The special meeting can be accessed by visiting [    ], where the undersigned will be able to listen to the meeting live and vote during the meeting. Additionally, the undersigned has the option to listen only to the special meeting by dialing [    ] (toll-free within the U.S. and Canada) or [    ] (outside of the U.S. and Canada, standard rates apply). The passcode for telephone access is [    ], but please note that the undersigned cannot vote or ask questions if the undersigned chooses to participate telephonically. Please note that the undersigned will only be able to access the special meeting by means of remote communication. The undersigned will need the control number located on this proxy card to join the special meeting via the virtual meeting platform. If there is no control number attached to this proxy card or there are any questions regarding the special meeting and how to access it, please contact the Continental Stock Transfer & Trust Company, the Transfer Agent.

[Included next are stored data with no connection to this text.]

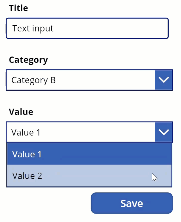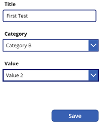In the SharePoint list, we only have the Title, and Type Value, and the values are now read from a different SharePoint list. Therefore we didn’t use a Power Apps form element where we have the SubmitForm action available. To save the details from our custom form, we need to use the Patch command. Add the following command to the OnSelect -event of the Save button. Again, remember to comment your code. It helps. I’ll promise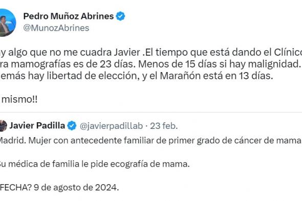 A este tuit le ha respondido el diputado del PP en la Asamblea de Madrid Pedro Muñoz, que ha desconfiado de la información aportada por Padilla: "Hay algo que no me cuadra Javier. El tiempo que está dando el Clínico para mamografías es de 23 días. Menos de 15 días si hay malignidad. Además hay libertad de elección, y el Marañón está en 13 días".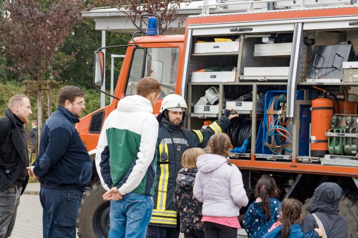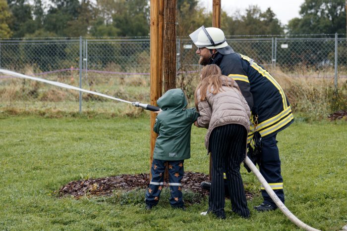 Mit großen Augen folgen die Kinder den Einsatzfahrzeugen der Feuerwehr, die mit Blaulicht auf den Hof fahren. Zwölf Feuerwehrmänner und –frauen springen in voller Montur heraus, laden Schläuche und allerhand Ausrüstung aus und beginnen mit dem Aufbau von Löschstation und Slalomparcours.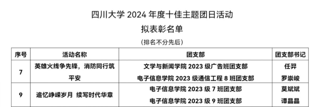 为进一步加强基层团组织建设工作,激发基层班团组织活力,加强团员青年思想政治引领,引导团员青年在主题鲜明、生动活泼的主题团日活动中受教育、得启示、获成长,校团委开展了2024年度优秀主题团日活动评选工作。在众多参选活动中,公司2023级7班与9班团支部联合举办的“追忆峥嵘岁月,续写时代华章”主题团日活动、2023级8班团支部与文新公司团支部举办的“英雄火线争先锋,消防同行筑平安”主题团日活动脱颖而出,成功入选2024年度十佳主题团日活动。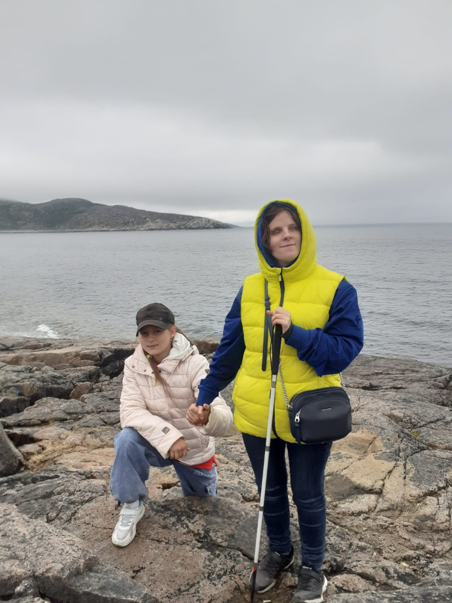 Самые старшие участники экспедиции Светлана и Андрей Недбайловы - чемпионы Всероссийских чемпионатов по интеллектуальной игре "Что? Где? Когда?" Всероссийского общества слепых. В прошлом, до потери зрения, Андрей был профессиональным альпинистом и спелеологом, участвовал в открытии Санболинской пещеры, знаменитой своими цветными льдами. Супруги оценивали сложность трекингового маршрута от пляжа Яйца Дракона до Батарейского водопада. Гладкие валуны пляжа, на которых сложно обрести устойчивость, сменились на простую, но длинную экотропу. Несмотря на перепад высоты и подъём в горку, все благополучно добрались до водопада. К этому времени на Териберку начал наползать туман, превращая её в самое загадочное место на земле, которое когда-либо видела наша инклюзивная команда.
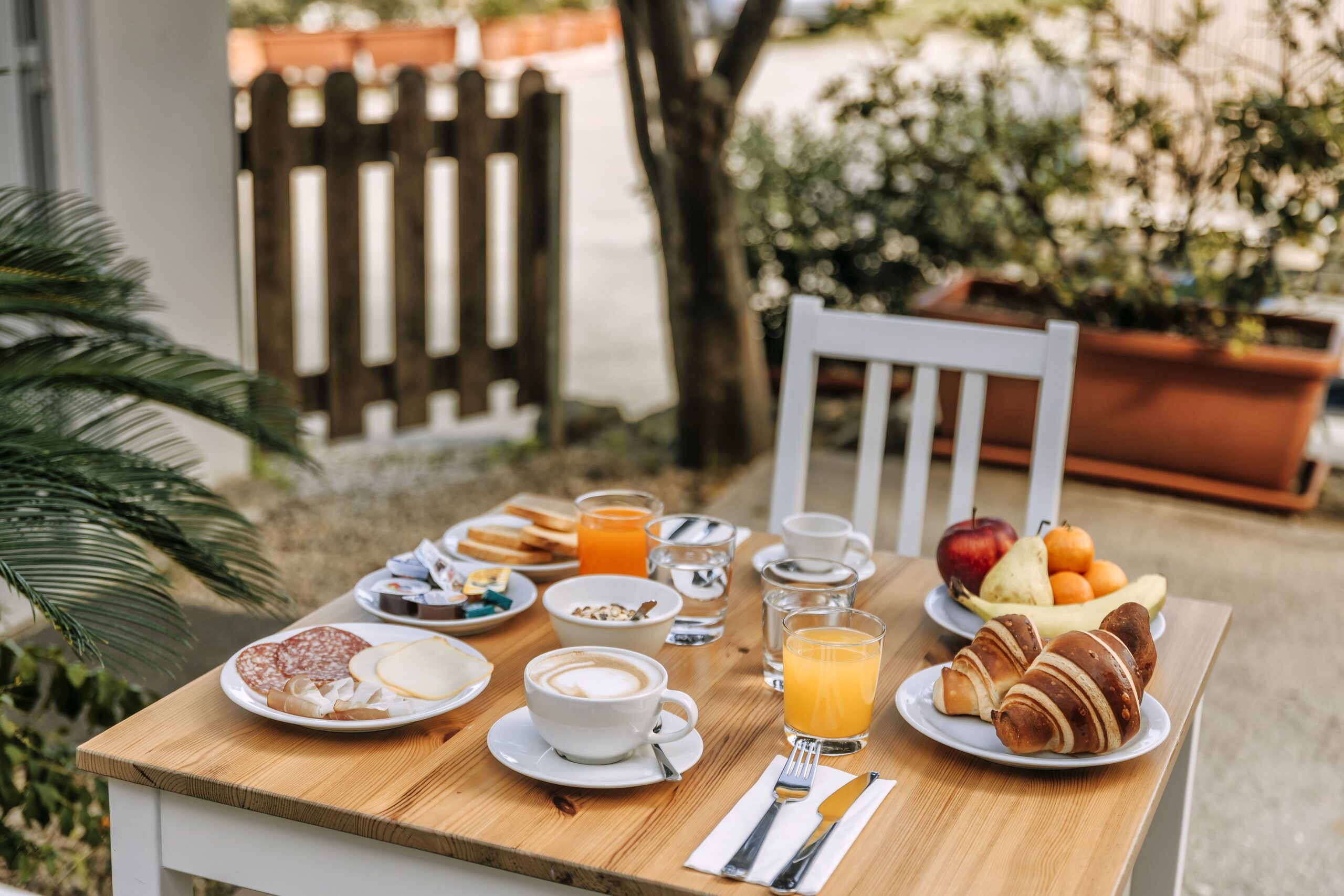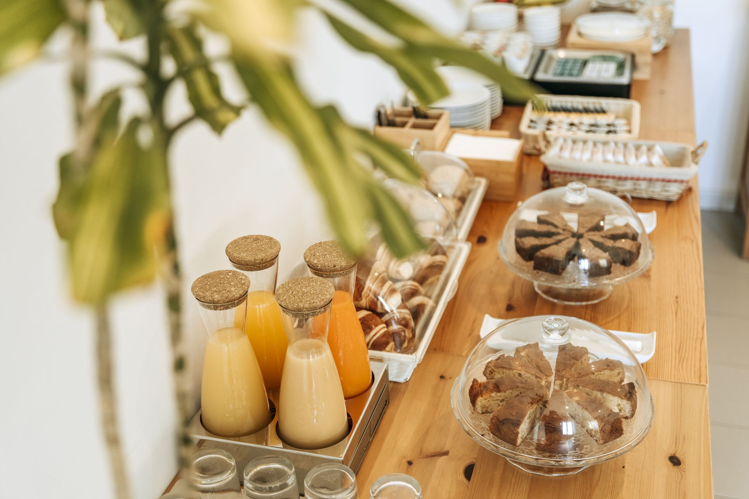 To start the day with energy and taste, we offer our guests a rich and carefully selected range of products. You will find a rich selection including fresh juices, hot drinks (tea, coffee, cappuccino), seasonal fresh fruit (such as apples, bananas, and oranges), and an inviting variety of baked goods and bread.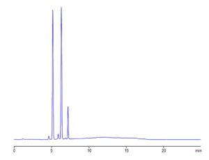 Benzalkonium chloride (BTC) is a mixture of alkylbenzyldimethylammonium chlorides with various even-numbered alkyl chain lengths and is commonly used as a surfactant. In conventional reversed-phase chromatography, hydrophobic quaternary amines like BTC often exhibit poor peak shapes due to interactions between the quaternary ammonium groups and residual silanol sites on the silica surface. The Zodiac HST RP column, a reversed-phase anion-exchange column with embedded basic functional groups, effectively shields silanol interactions, resulting in sharp, symmetrical peaks for hydrophobic amines—quaternary, tertiary, secondary, and primary.

THE SHARES REPRESENTED BY THIS PROXY WHEN PROPERLY EXECUTED WILL BE VOTED IN THE MANNER DIRECTED HEREIN BY THE UNDERSIGNED STOCKHOLDER. IF NO SPECIFIC DIRECTION IS GIVEN AS TO THE PROPOSALS, THIS PROXY WILL BE VOTED “FOR” EACH OF PROPOSAL NOS. 1, 2, 3 and 4.

TO ATTEND THE VIRTUAL MEETING, YOU MUST HAVE THE CONTROL NUMBER THAT IS LOCATED ON THE REVERSE SIDE OF THIS FORM.

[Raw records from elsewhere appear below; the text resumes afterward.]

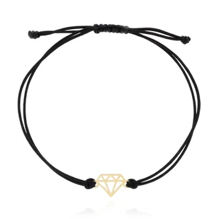 Bransoletka sznurek, próba złota 585 Symbol: diament Wymiary motywu: ok. 12.0 mm x 9.0 mm Waga: 0.13 g kolor sznurka: czarny Długość regulowana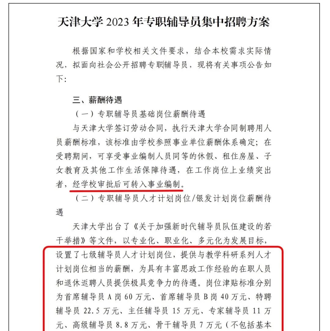 近日,天津大学宣布将辅导员的工资待遇大幅提高,薪酬对标教学、科研类人才,参照事业编制教师发放工资,并提供各种福利,包括带薪休假、子女教育等。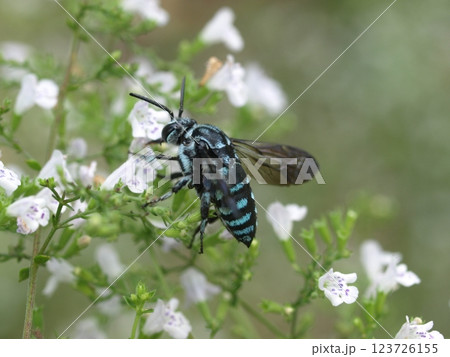 生き物 昆虫 ルリモンハナバチ、黒地にブルーの短毛によって縞模様が描かれた美しいハナバチ②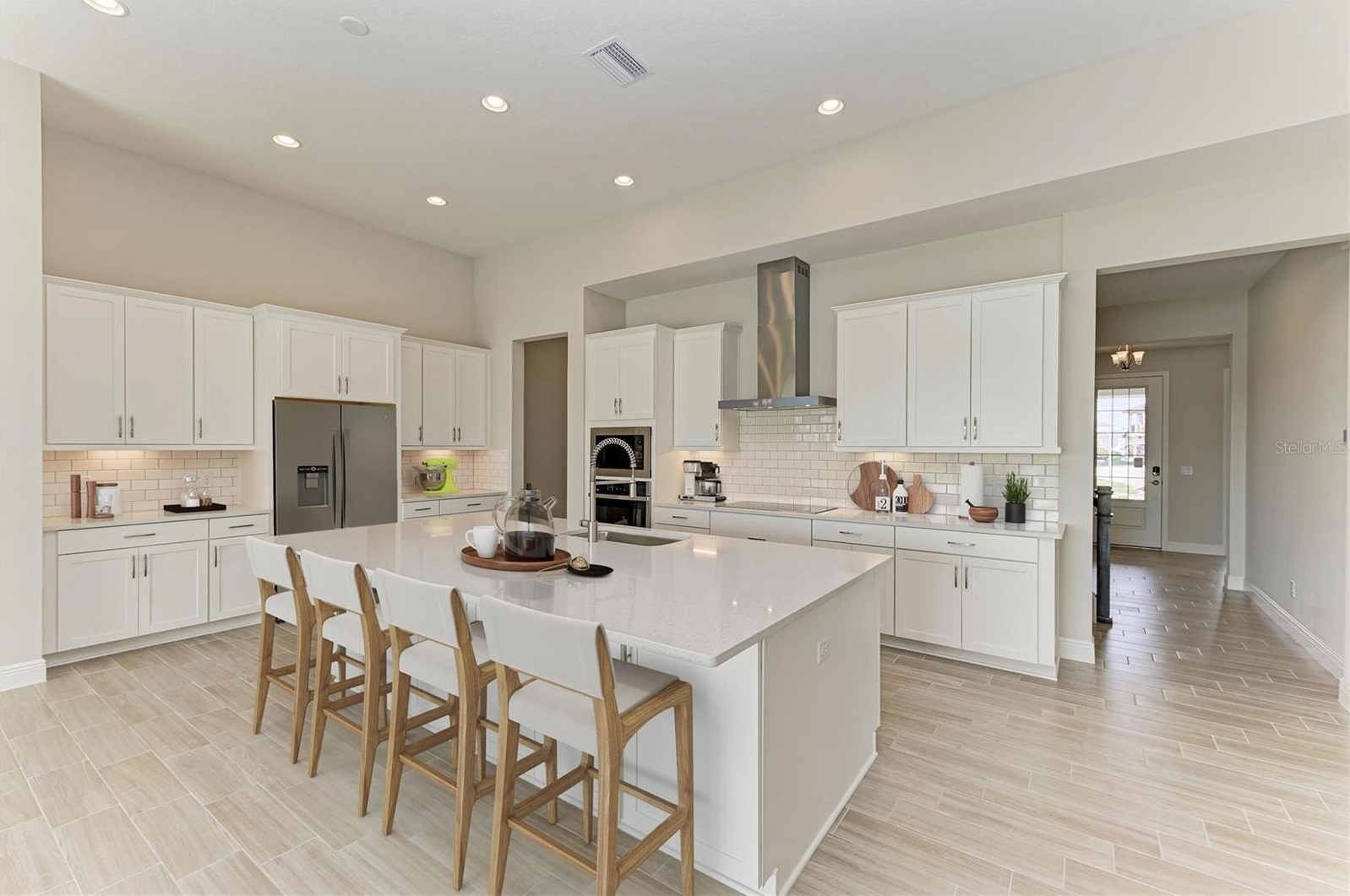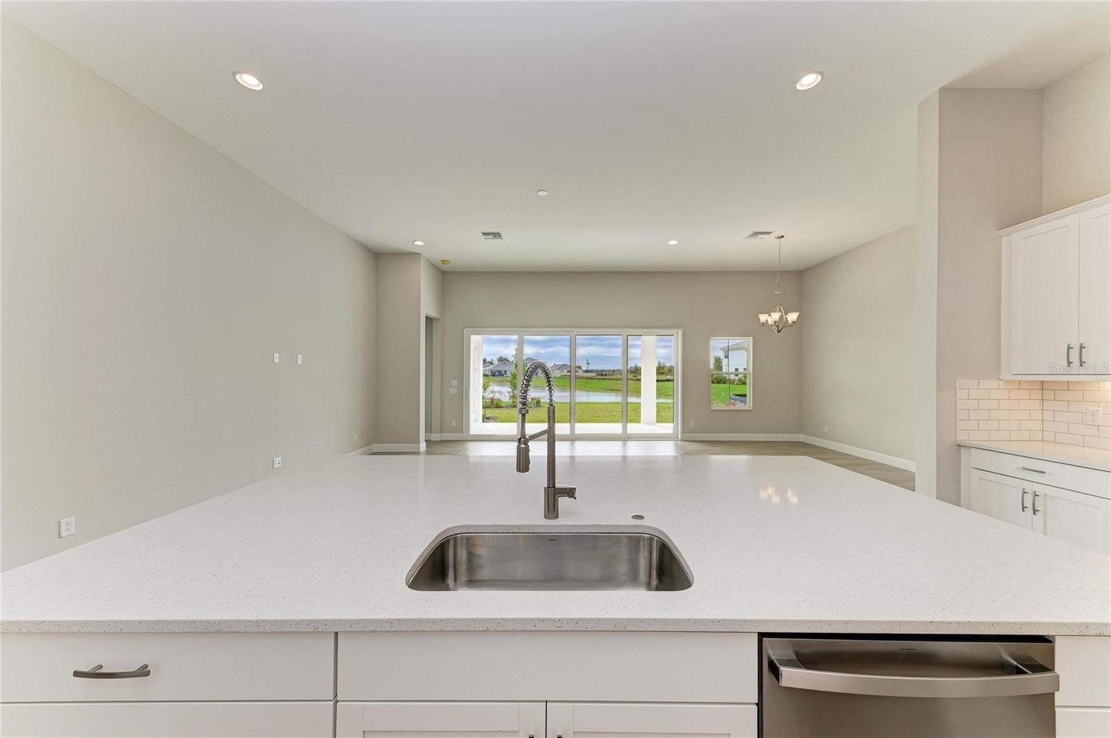 One or more photo(s) has been virtually staged. This Islamorada II is Ready Now ! This spacious residence presents five bedrooms across two thoughtfully designed stories. The main level is built for effortless living and entertaining, featuring a seamless flow connecting the grand room, island kitchen, and casual dining area. For convenience, a comfortable guest suite and full bathroom are also situated downstairs. The kitchen boasts elegant Quartz countertops and an upgraded gourmet electric appliance package that inspires culinary creativity. Outside, a generously sized lanai provides a perfect spot to unwind and take in stunning water views. The upper floor reveals an expansive bonus room, perfect for gathering or play, alongside an oversized secondary bedroom offering abundant closet space.

The notice and proxy statement are available at [    ]. The proxy statement contains important information regarding each of the proposals listed below. You are encouraged to read the proxy statement carefully.

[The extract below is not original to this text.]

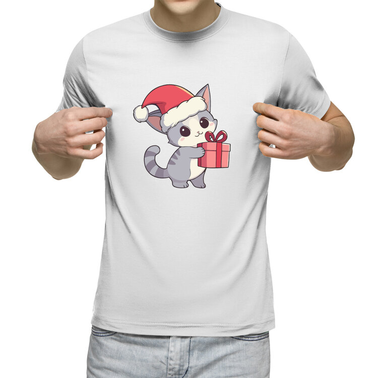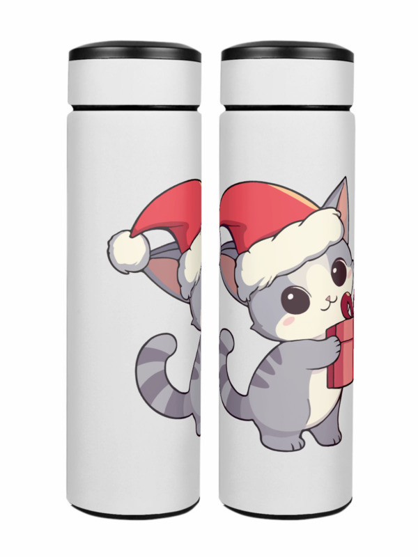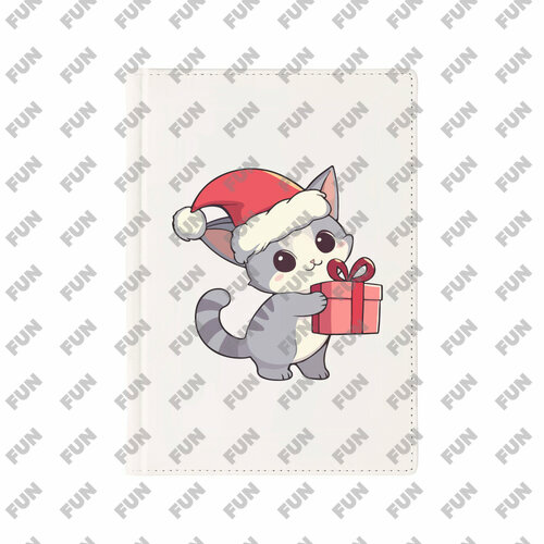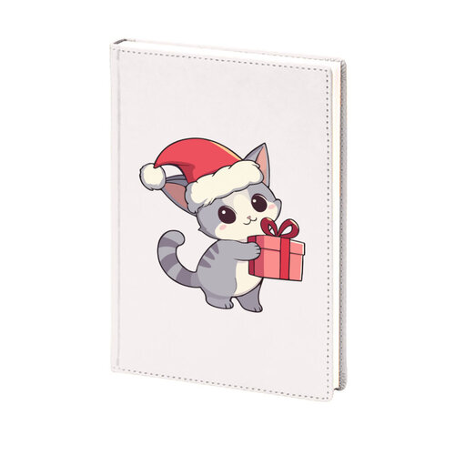 Ежедневник «Кот в стиле аниме с подарком. Новый год» цвет белый

PLEASE MARK, SIGN, DATE AND RETURN THE PROXY CARD PROMPTLY.

 

 

 

DPCM CAPITAL, INC. – THE BOARD OF DIRECTORS RECOMMENDS A VOTE “FOR” PROPOSAL NOS. 1, 2, 3 and 4.    Please mark vote as indicated in this ☒ example   
(1)    The Transaction Proposal – To consider and vote upon a proposal to approve the Transaction Agreement, as may be amended, amended and restated, supplemented or otherwise modified from time to time, dated as of February 7, 2022, by and among DPCM, D-Wave Quantum Inc., a Delaware corporation and a direct, wholly-owned subsidiary of DPCM (“D-Wave Quantum”), DWSI Holdings Inc., a Delaware corporation and a direct, wholly-owned subsidiary of D-Wave Quantum (“Merger Sub”), DWSI Canada Holdings ULC, a direct, wholly-owned subsidiary of D-Wave Quantum (“CallCo”), D-Wave Quantum Technologies Inc., a direct, wholly-owned subsidiary of CallCo (“ExchangeCo”), and D-Wave Systems Inc., (“D-Wave”), and approve the transactions contemplated thereby, including, among other things, the merger of Merger Sub with and into DPCM, with DPCM (the “DPCM Merger”) with the stockholders of DPCM receiving D-Wave Quantum Common Shares in the DPCM Merger. As a result of the Transaction, DPCM and D-Wave will be subsidiaries of D-Wave Quantum.   

FOR

  

AGAINST

  

ABSTAIN

(2)    Equity Incentive Plan Proposal - to consider and vote upon a proposal to approve the 2022 Equity Incentive Plan, including the authorization of the initial share reserve under such plan.   

FOR

  

AGAINST

  

ABSTAIN


(3)    Employee Stock Purchase Plan Proposal - to consider and vote upon a proposal to approve the Employee Stock Purchase Plan, including the authorization of the initial share reserve under such plan.   

FOR

  

AGAINST

  

ABSTAIN

(4)    The Adjournment Proposal – To consider and vote upon a proposal to adjourn the special meeting to a later date or dates to permit further solicitation and voting of proxies if, based upon the tabulated vote at the time of the special meeting, there are not sufficient votes to approve the Business Combination Proposal (the “Adjournment Proposal”).   

FOR

  

AGAINST

  

ABSTAIN

 

  Dated:                                                                                              , 2022

 

 

 

  (Signature)   
 

 

  (Signature if held Jointly)   
  When shares are held by joint tenants, both should sign. When signing as attorney, executor, administrator, trustee or guardian, please give full title as such. If a corporation, please sign in full corporate name by president or other authorized officer. If a partnership, please sign in partnership name by an authorized person.